Please know that these products contain silicone, which coats the hair shaft (this is what makes the floor slippery when the dog has been laying there). This does make the coat feel soft and silky, but it is actually the silicone itself that you are feeling. Repeated use of these products will dry the hair and eventually cause breakage. (The Stuff is another of these products, sold both in a concentrated for and ready to use). Even if the packaging does not instruct you to, I recommend diluting it. I also recommend period breaks from the use of these products, at which time I condition bathe and condition the coat frequently.
And just as an FYI, the Golden coat should not be too soft and silky - this compromises the water repellency, which is required by the Standard:

_*Coat *_-- Dense and water repellent with good undercoat. Outer coat firm and resilient, neither coarse nor silky, lying close to body; may be straight or wavy.


----------



## vrocco1 (Feb 25, 2006)

Pointgold said:


> Please know that these products contain silicone, which coats the hair shaft (this is what makes the floor slippery when the dog has been laying there). This does make the coat feel soft and silky, but it is actually the silicone itself that you are feeling. Repeated use of these products will dry the hair and eventually cause breakage. (The Stuff is another of these products, sold both in a concentrated for and ready to use). Even if the packaging does not instruct you to, I recommend diluting it. I also recommend period breaks from the use of these products, at which time I condition bathe and condition the coat frequently.
> And just as an FYI, the Golden coat should not be too soft and silky - this compromises the water repellency, which is required by the Standard:
> 
> _*Coat *_-- Dense and water repellent with good undercoat. Outer coat firm and resilient, neither coarse nor silky, lying close to body; may be straight or wavy.

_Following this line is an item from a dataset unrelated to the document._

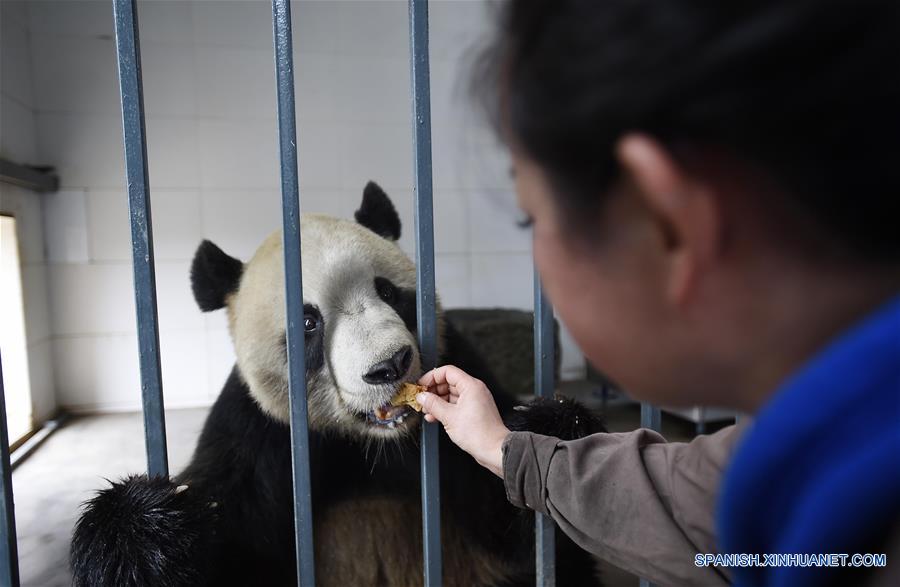 La cuidadora Liu Yi alimenta a un panda gigante en la base de Dujiangyan del Centro de Conservación e Investigación para el Panda Gigante de China, en la provincia de Sichuan, en el suroeste de China, el 27 de enero de 2017. Los empleados siguen trabajando en el centro para cuidar de los pandas gigantes durante las vacaciones del Festival de Primavera. (Xinhua/Xue Yubin)

That is good to know. My competitors here in the mid-Atlantic swear by Mane and Tail. I hope it does ruin coats, as they use it all the time.  (just kidding)


----------



## Lestorm (Feb 25, 2007)

Magic Cowboy is another useful product to use on dogs.


----------



## Lestorm (Feb 25, 2007)

ooops! I didnt read all the thread.......again!


----------



## nrhareiner (Feb 27, 2007)

Keep in mind that products made for horse are very heavy and are not good for dogs or really humans either. It will put a heavy waighed down feeling to the hair and will build up over time. When I use show shien on my horses it gets washed off when I get them home or at the end of the classes for that day. I do not leave it in.

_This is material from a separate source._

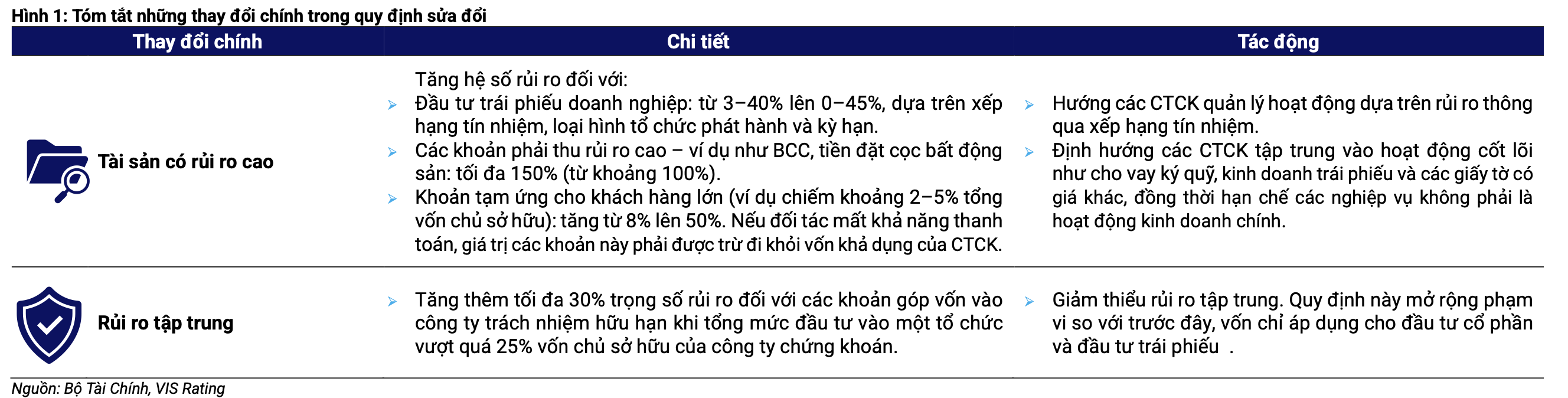 Nhóm phân tích kỳ vọng, quy định sửa đổi sẽ định hướng các CTCK tập trung vào hoạt động cốt lõi như cho vay ký quỹ, kinh doanh trái phiếu và các giấy tờ có giá khác, đồng thời hạn chế các nghiệp vụ không phải là hoạt động kinh doanh chính như phải thu BCC. Phân tích của VIS Rating cho thấy một số CTCK có lượng lớn phải thu BCC, thường gắn với cho vay các doanh nghiệp có dòng tiền yếu, đòn bẩy cao và lịch sử chậm trả trái phiếu, gây rủi ro tổn thất tín dụng cao.

Main and Tail is a good product but again it is heavy an will build up over time especially the conditioner. However Horse hair is very differnt and can handle what the product is putting on.

Cowboy Majic is the best of the products but again that is for horses not dogs or human. If used on ocation and with other products inbetween it would be a bit better but I never use any of my horse products on my dogs.

Heidi


----------



## Pointgold (Jun 6, 2007)

nrhareiner is correct. If you really feel you need to use a product like this, go for The Stuff, and I'd buy the concentrate - not only will it save money in the long run, but you can really dilute it down, thereby lessening coat damage. As I said in my previous post, washing it completely out, and following with a good condition and a rest from the useage, is essential if you want to save coat over time.

And Vern - here's a tip... when fellow competitors comment on Jesse's beeyootiful coat, tell them this "Okay, because I like you, I'm going to share our secret - but ONLY if you promise not to tell anyone else". (A sure fired way in the dog show world to make sure it is spread coast to coast in something like the speed of light... :listen: ) "We use Elmer's Glue, diluted /2 and half with a can of Milwaukee's Best (_REALLY _brings out the color)." :satan:


----------



## vrocco1 (Feb 25, 2006)

You mean that does not work?


----------



## Pointgold (Jun 6, 2007)

vrocco1 said:


> You mean that does not work?


Depends on the desired result.


----------



## DelmarvaGold (Mar 7, 2006)

nrhareiner said:


> Keep in mind that products made for horse are very heavy and are not good for dogs or really humans either. It will put a heavy waighed down feeling to the hair and will build up over time. When I use show shien on my horses it gets washed off when I get them home or at the end of the classes for that day. I do not leave it in.
> 
> Main and Tail is a good product but again it is heavy an will build up over time especially the conditioner. However Horse hair is very differnt and can handle what the product is putting on.
> 
> ...


Years ago I used Mane N Tail with outstanding results. I rubbed the conditioner in the coat every single day and left it there. By spring she had a gorgeous coat. You do, however, have to bath several times to remove the product. This advice was given to me by a top breeder on the east coast. To this day she still uses the Mane N Tail. I have since moved on to other products


----------



## Pointgold (Jun 6, 2007)

DelmarvaGold said:


> This advice was given to me by a top breeder on the east coast. To this day she still uses the Mane N Tail. I have since moved on to other products


Elmer's Glue and beer, as rumor has it...


----------